──────── Stored data

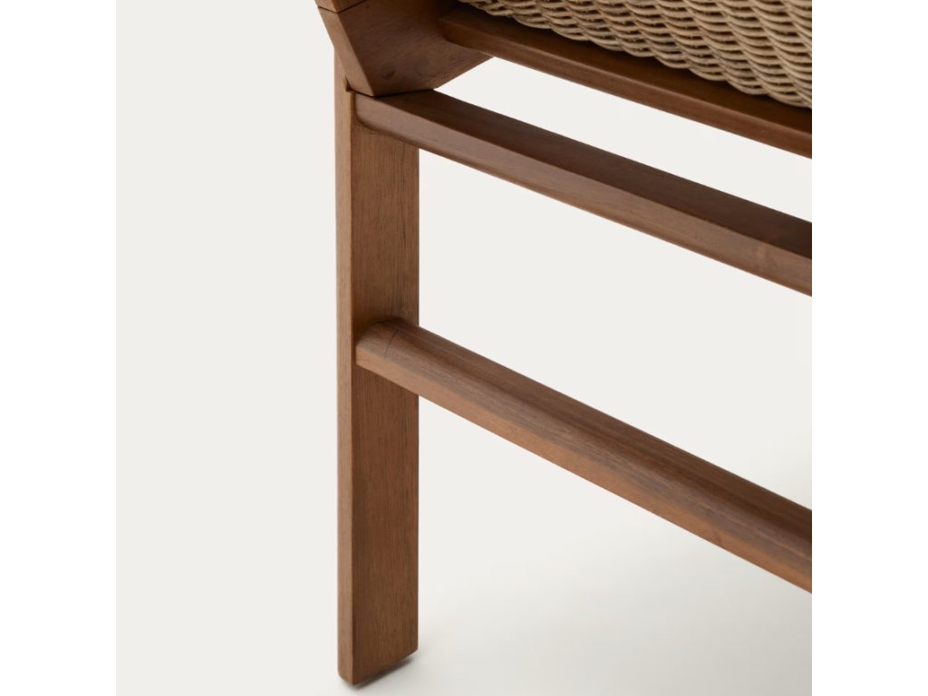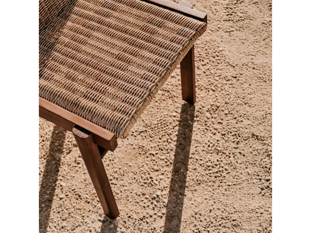 Série zahradního nábytku Inari, to je dokonalá souhra elegance a odolnosti. Každý kus této kolekce – židle, křeslo i lehátko – byl navržen tak, aby ladil s interiéry i exteriéry a poskytoval maximální komfort i estetickou hodnotu moderního designu. Konstrukce je vyrobena z masivního akátového dřeva s certifikací FSC, které zaručuje odpovědné hospodaření v lesích. Sedadla a opěradla jsou ručně tkaná ze syntetického ratanu, který dokonale napodobuje přírodní materiál, ale zároveň je vysoce odolný vůči povětrnostním vlivům a snadno se čistí. Nábytek Inari je ideální volbou pro ty, kteří hledají spojení přírodního vzhledu, funkčnosti a vysoké kvality.
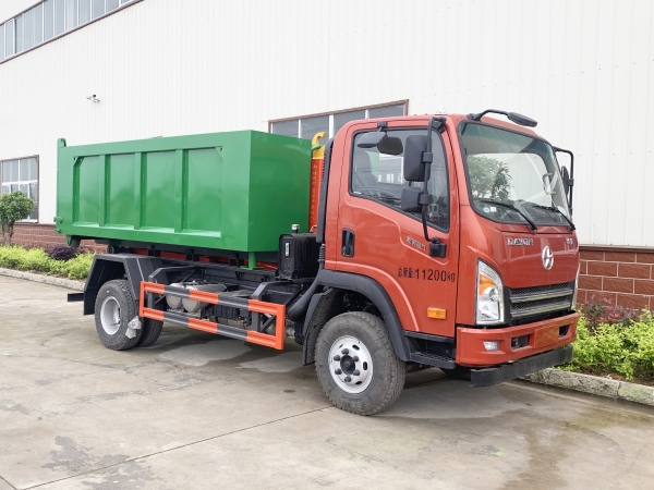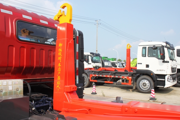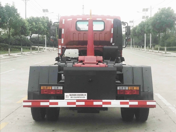 車廂可卸載式垃圾車,又稱勾臂式垃圾車、拉臂式垃圾車。該車廣泛適用與城市街道學(xué)校垃圾處理,可一車配備多個(gè)斗,各個(gè)垃圾點(diǎn)放置多個(gè),帶自卸功能,液壓操作,方便傾倒。在平日里可將車載垃圾箱放置到各個(gè)垃圾收集站,待垃圾收集滿后,該車可直接開赴至垃圾站,通過液壓系統(tǒng)的操控,可將垃圾車后座上加裝的勾臂放下,掛住站內(nèi)垃圾箱前端的連接點(diǎn),將垃圾箱拉至車體的后座上,此時(shí)即可啟動(dòng)車輛,將垃圾運(yùn)送至垃圾處理站內(nèi),進(jìn)行自卸式傾倒。該車主要的優(yōu)點(diǎn)就是可一車配多斗,一輛車就可以維持?jǐn)?shù)個(gè)垃圾收集站的運(yùn)轉(zhuǎn),效率高,且箱體為密封式設(shè)計(jì),不會(huì)造成二次污染。
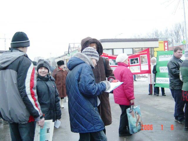 1月6日,参加交流会的各地学员,在彼得堡市中心的两个地铁站附近举行集会,以各种真相展板,真人模拟酷刑展等形式,向过往行人揭露中共政权六年来对法轮功学员的残酷迫害。学员们主动向世人讲真相,派发资料。很多人明白了真相后主动签名支持反迫害。
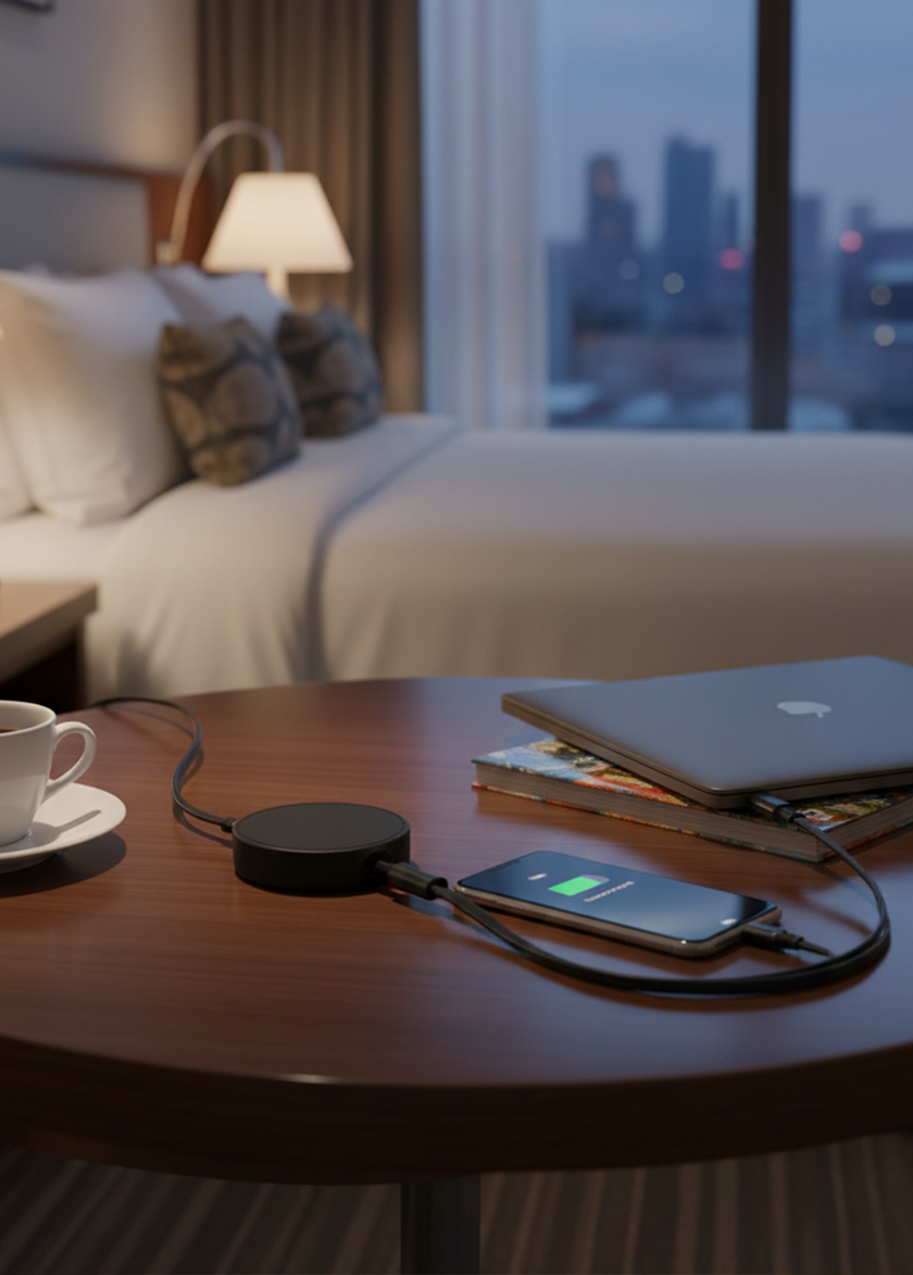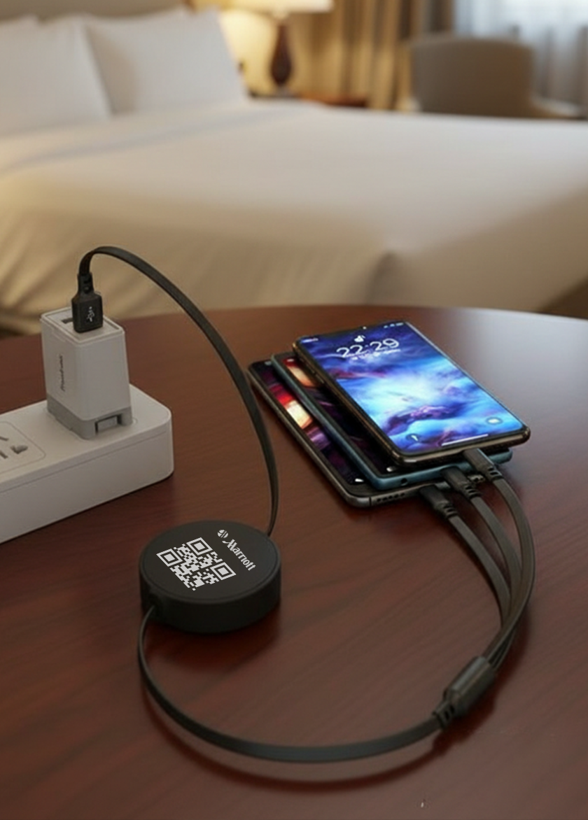 Yotool provides hotels with a unique 3-in-1 retractable charging cable, fully customizable with your hotel logo and a unique QR code. Every time a guest charges their device, they are guided effortlessly to your review page such as Google and Tripadvisor. A simple daily routine becomes a powerful marketing moment.
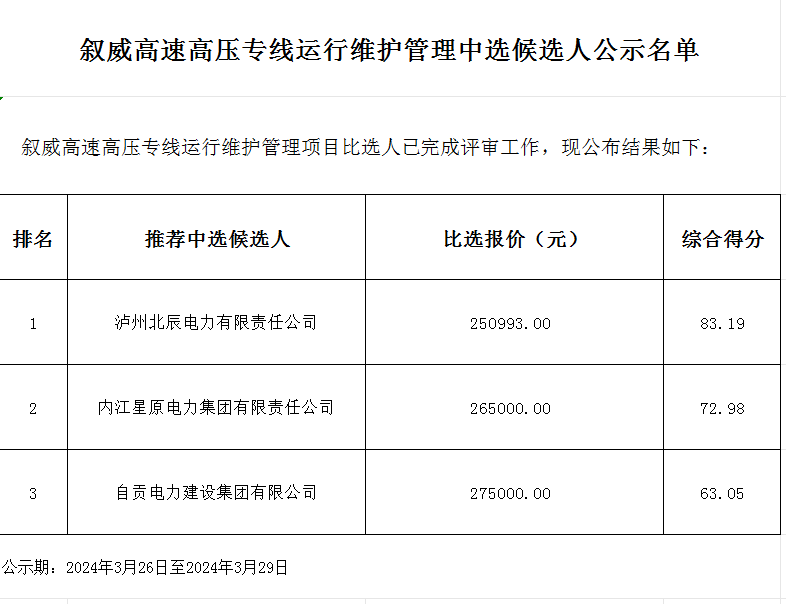 敘威高速高壓專(zhuān)線運(yùn)行維護(hù)管理中選候選人公示名單

────────────────

Word for word, restate the lines from the line containing "Yotool provides hotels" through the end of the data, including the first and last of them. Pictures stay out.

 Yotool provides hotels with a unique 3-in-1 retractable charging cable, fully customizable with your hotel logo and a unique QR code. Every time a guest charges their device, they are guided effortlessly to your review page such as Google and Tripadvisor. A simple daily routine becomes a powerful marketing moment.
 敘威高速高壓專(zhuān)線運(yùn)行維護(hù)管理中選候選人公示名單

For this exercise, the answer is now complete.